On Wed, 2014-09-03 at 11:30 +0100, Will Deacon wrote:
> On Wed, Sep 03, 2014 at 11:18:04AM +0100, Masami Hiramatsu wrote:
> > (2014/09/02 22:49), Jon Medhurst (Tixy) wrote:
> > > 1. On SMP systems it's very slow because of kprobe's use of stop_machine
> > > for applying and removing probes, this forces the system to idle and
> > > wait for the next scheduler tick for each probe change.
> > 
> > Hmm, agreed. It seems that arm32 limitation of self-modifying code on SMP.
> > I'm not sure how we can handle it, but I guess;
> >  - for some processors which have better coherent cache for SMP, we can
> >    atomically replace the breakpoint code with original code.
> 
> Except that it's not an architected breakpoint instruction, as I mentioned
> before. It's also not really a property of the cache.
> 
> >  - Even if we get an "undefined instruction" exception, its handler can
> >    ask kprobes if the address is under modifying or not. And if it is,
> >    we can just return from the exception to retry the execution.
> 
> It's not as simple as that -- you could potentially see an interleaving of
> the two instructions.

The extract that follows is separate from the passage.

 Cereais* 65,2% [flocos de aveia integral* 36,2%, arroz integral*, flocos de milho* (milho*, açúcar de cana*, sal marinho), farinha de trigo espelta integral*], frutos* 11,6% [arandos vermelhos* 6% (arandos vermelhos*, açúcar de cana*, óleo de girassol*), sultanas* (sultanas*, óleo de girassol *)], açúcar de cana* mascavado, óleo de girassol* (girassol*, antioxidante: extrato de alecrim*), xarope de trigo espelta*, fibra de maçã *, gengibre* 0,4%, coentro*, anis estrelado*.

The architecture is even broader than that:
> 
>  Concurrent modification and execution of instructions can lead to the
>  resulting instruction performing any behavior that can be achieved by
>  executing any sequence of instructions that can be executed from the
>  same Exception level,
> 
> There are additional guarantees for some instructions (like the architected
> BKPT instruction).

I should point out that the current implementation of kprobes doesn't
use stop_machine because it's trying to meet the above architecture
restrictions, and that arming kprobes (changing probed instruction to an
undefined instruction) isn't usually done under stop_machine, so other
CPUs could be executing the original instruction as it's being modified.

So, should we be making patch_text unconditionally use stop machine and
remove all direct use of __patch_text? (E.g. by jump labels.)

-- 
Tixy